__Instructions to follow__. Pictures must be dropped from the copy of the entries below; all else is returned exactly.

══ Record excerpts ══

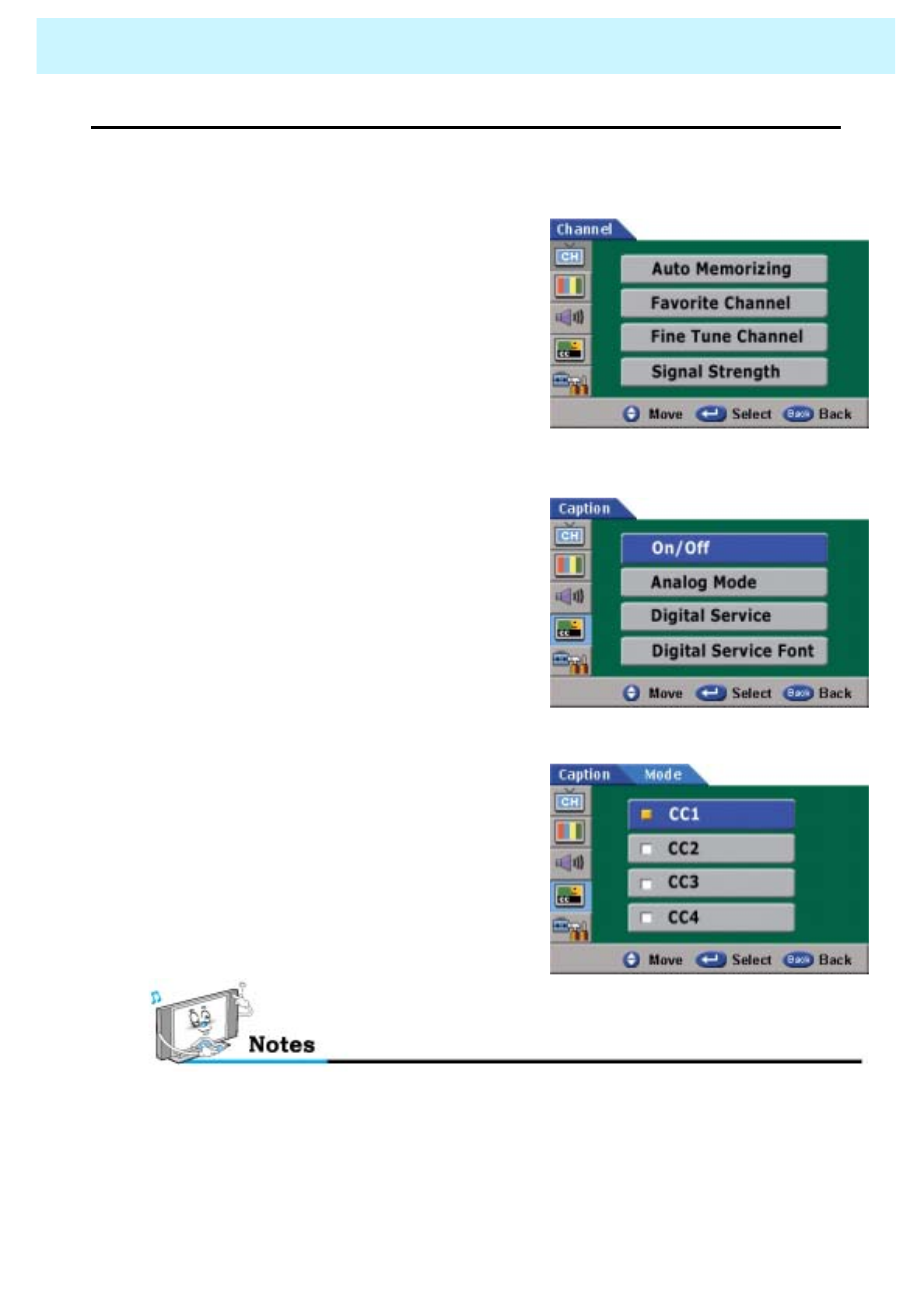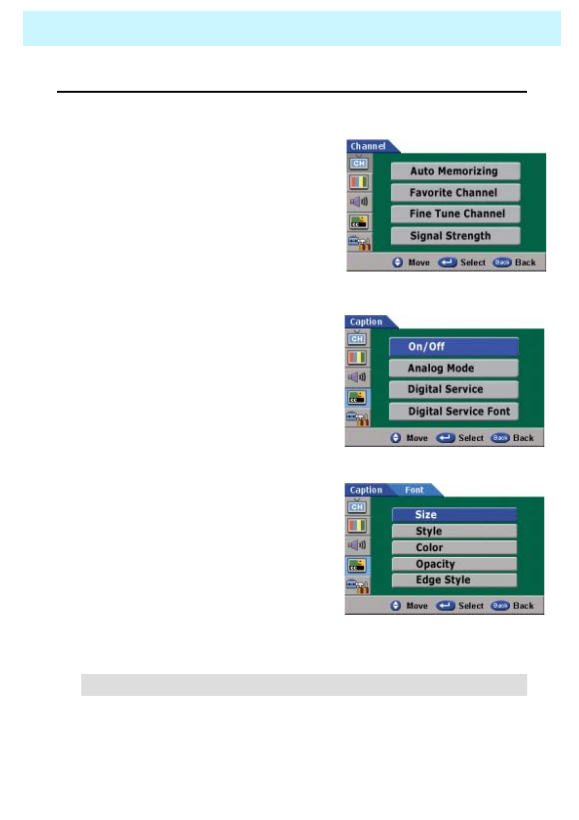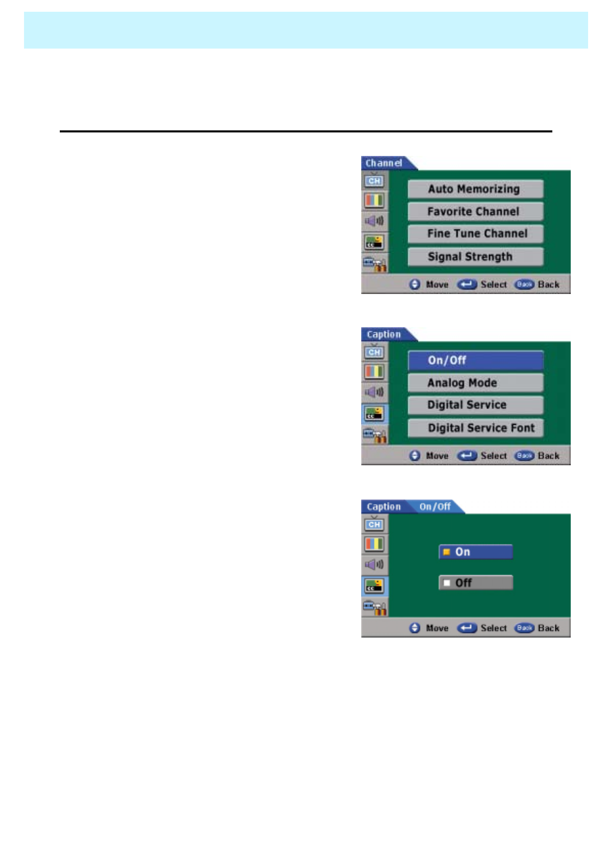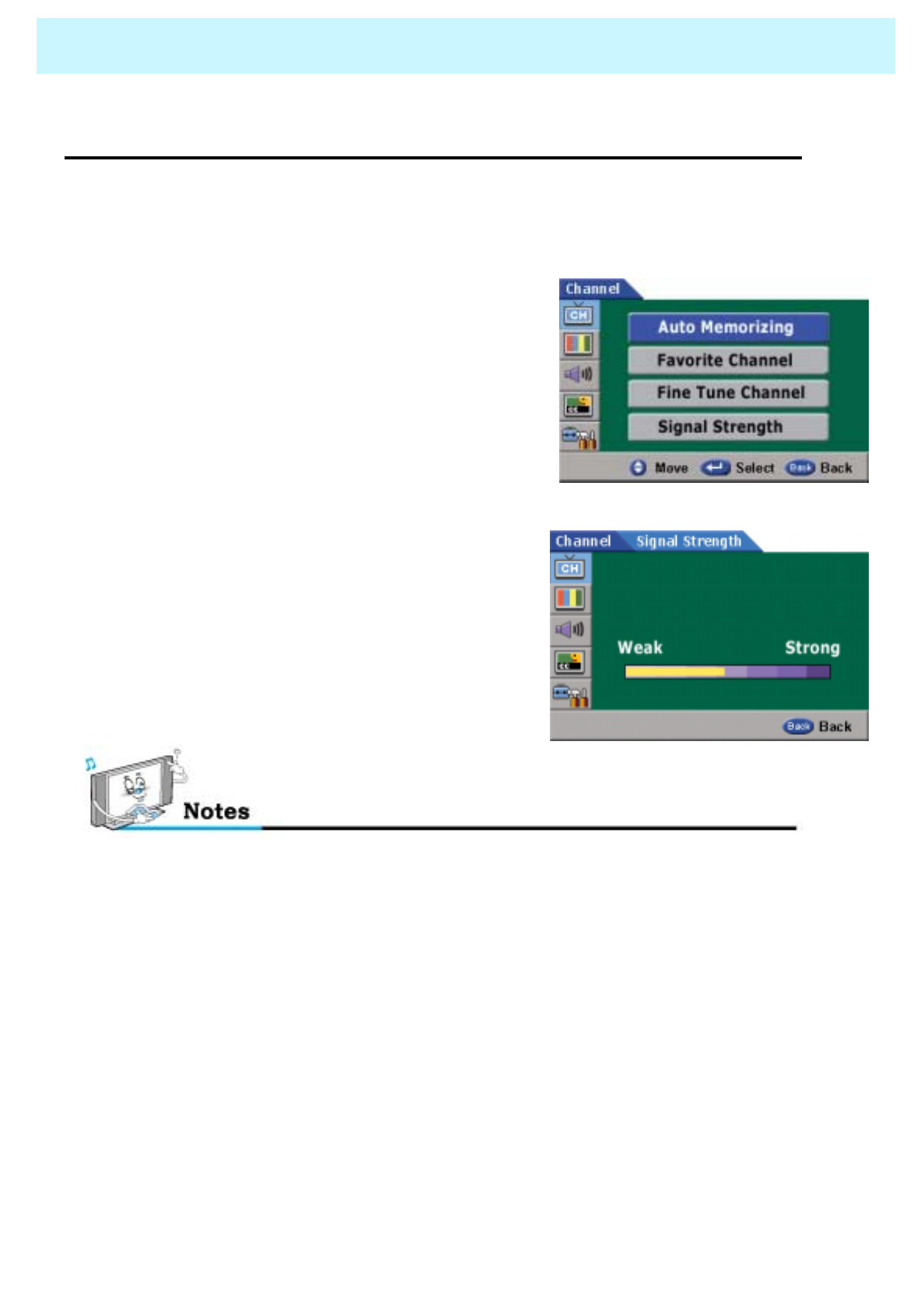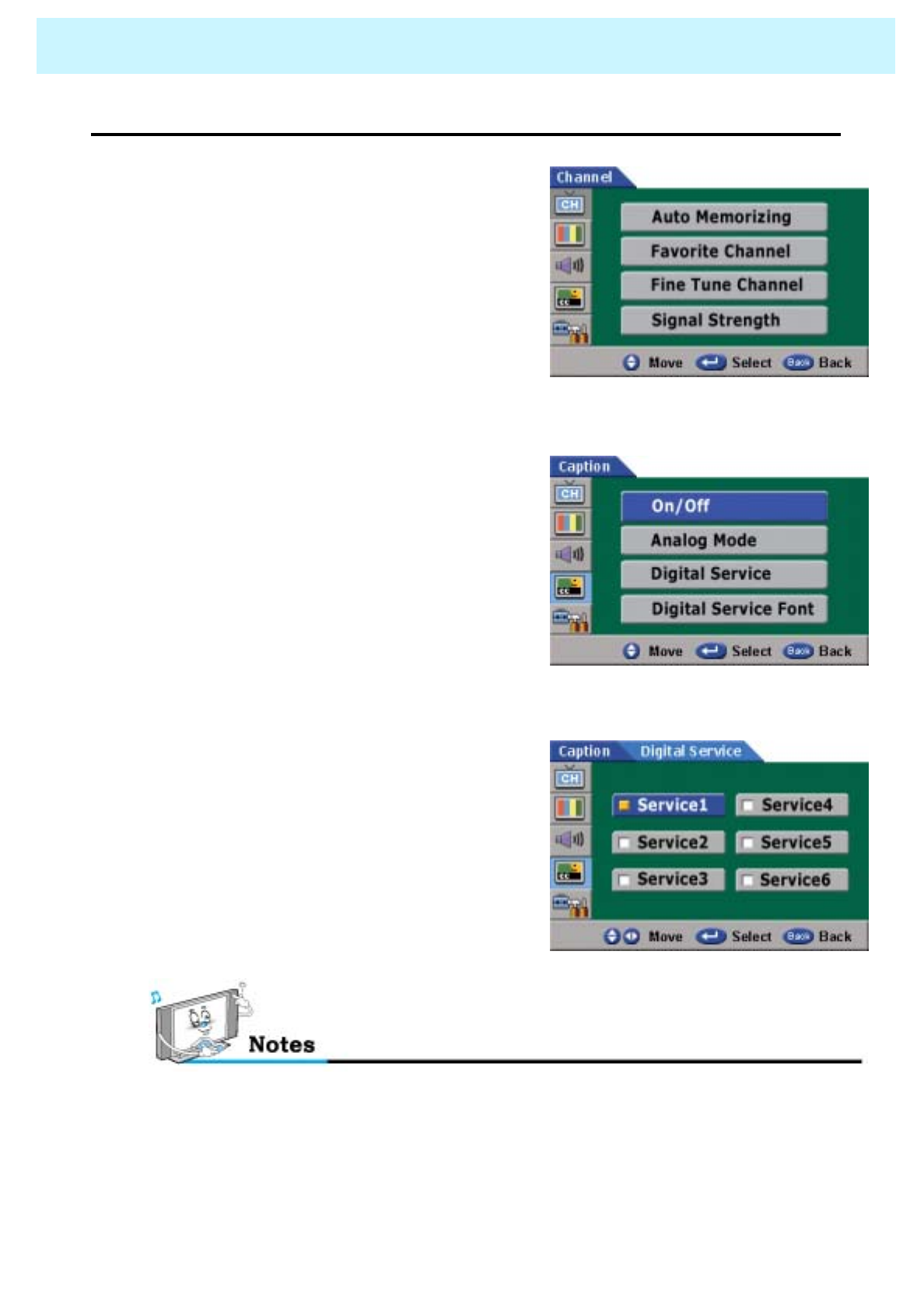 Check the digital signal strength and input antenna.Digital broadcasting screen
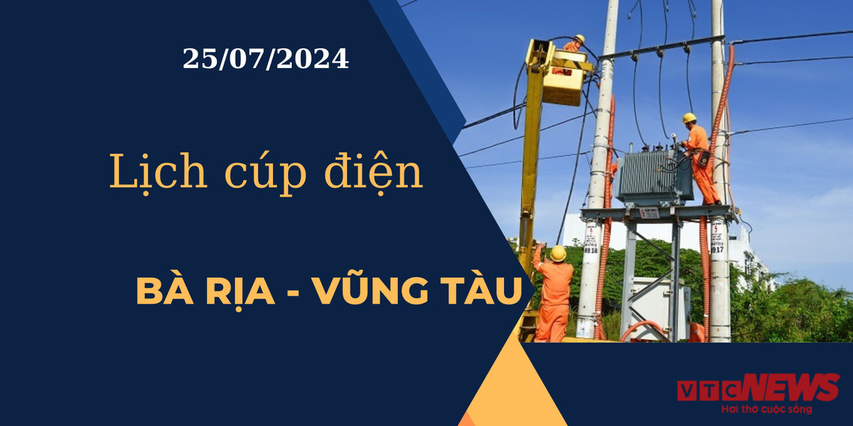 VTC News cập nhật mới nhất lịch mất điện, cúp điện các khu vực tại Bà Rịa - Vũng Tàu ngày 25/07/2024 từ website cổng thông tin Điện lực miền Nam.
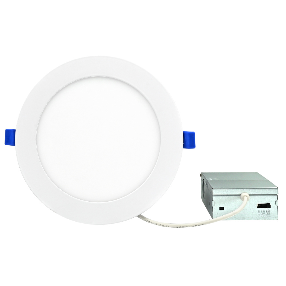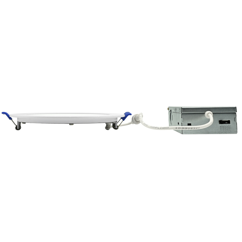 Brighten your space with the 6" Ultra Slim LED Downlight—crafted for effortless installation and high-performance lighting. Featuring edge-lit technology, this fixture delivers smooth, glare-free illumination with no dark spots and instant-on responsiveness. No recessed housing or junction box required, making it perfect for quick upgrades. With TRIAC dimming down to 10%, I.C. rating for direct insulation contact, and wet location suitability (indoor only), it’s as versatile as it is efficient. Enjoy over 50,000 hours of reliable light and customize your ambiance with 5 field-selectable color temperatures ranging from warm 2700K to crisp 5000K. Plenum-rated FT6 cable included for added safety and compliance.
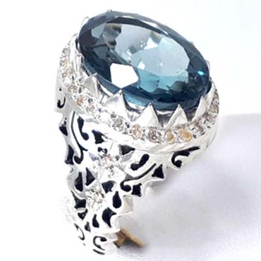 Natural Topaz Swiss Blue Men Ring Pazhen
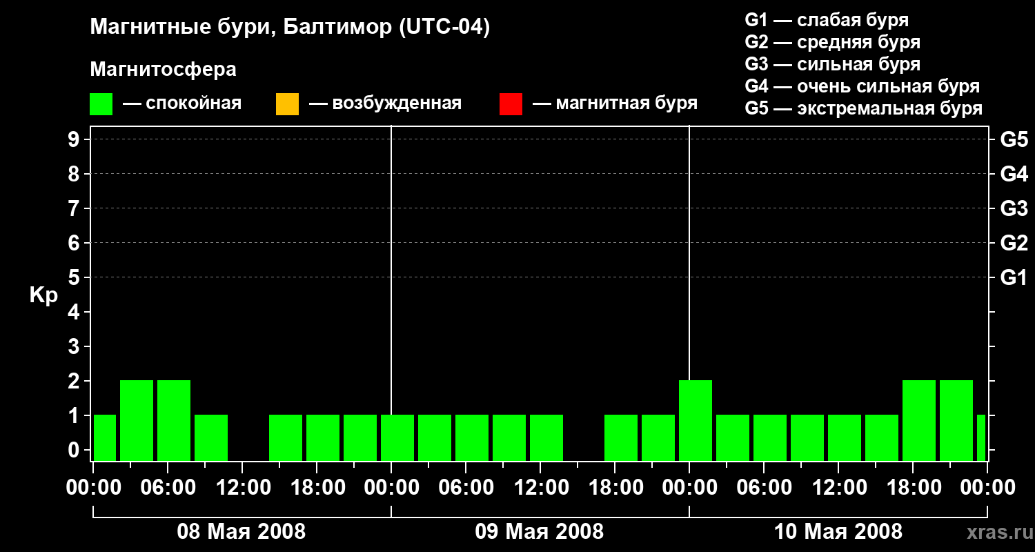 Изменения геомагнитного индекса Kp с 8 по 10 мая 2008 года для средних широт
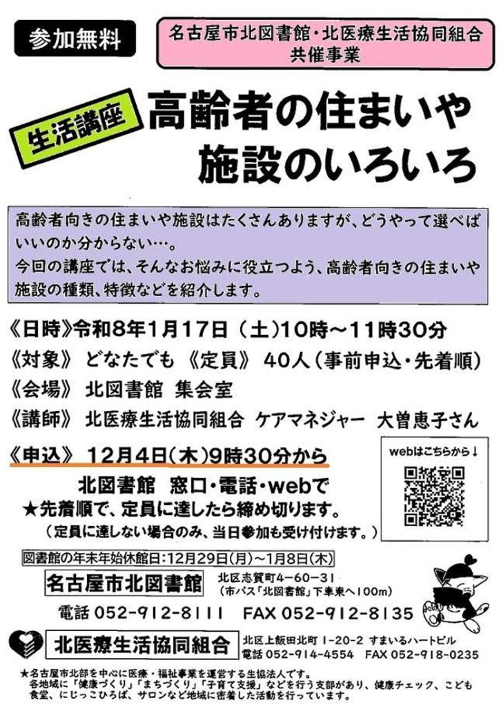 今回、北図書館で「高齢者の住まいについて」のお話をさせていただきました。
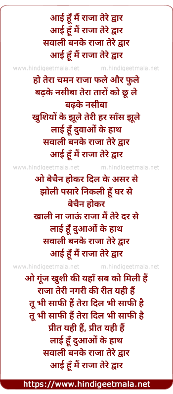 Lyrics of Aayi Hu Mai Raja Tere Dwar - आई हूँ मैं राजा तेरे द्वार

═══

__Output__.
 Check the digital signal strength and input antenna.Digital broadcasting screen
 VTC News cập nhật mới nhất lịch mất điện, cúp điện các khu vực tại Bà Rịa - Vũng Tàu ngày 25/07/2024 từ website cổng thông tin Điện lực miền Nam.
 Brighten your space with the 6" Ultra Slim LED Downlight—crafted for effortless installation and high-performance lighting. Featuring edge-lit technology, this fixture delivers smooth, glare-free illumination with no dark spots and instant-on responsiveness. No recessed housing or junction box required, making it perfect for quick upgrades. With TRIAC dimming down to 10%, I.C. rating for direct insulation contact, and wet location suitability (indoor only), it’s as versatile as it is efficient. Enjoy over 50,000 hours of reliable light and customize your ambiance with 5 field-selectable color temperatures ranging from warm 2700K to crisp 5000K. Plenum-rated FT6 cable included for added safety and compliance.
 Natural Topaz Swiss Blue Men Ring Pazhen
 Изменения геомагнитного индекса Kp с 8 по 10 мая 2008 года для средних широт
 今回、北図書館で「高齢者の住まいについて」のお話をさせていただきました。
 Lyrics of Aayi Hu Mai Raja Tere Dwar - आई हूँ मैं राजा तेरे द्वार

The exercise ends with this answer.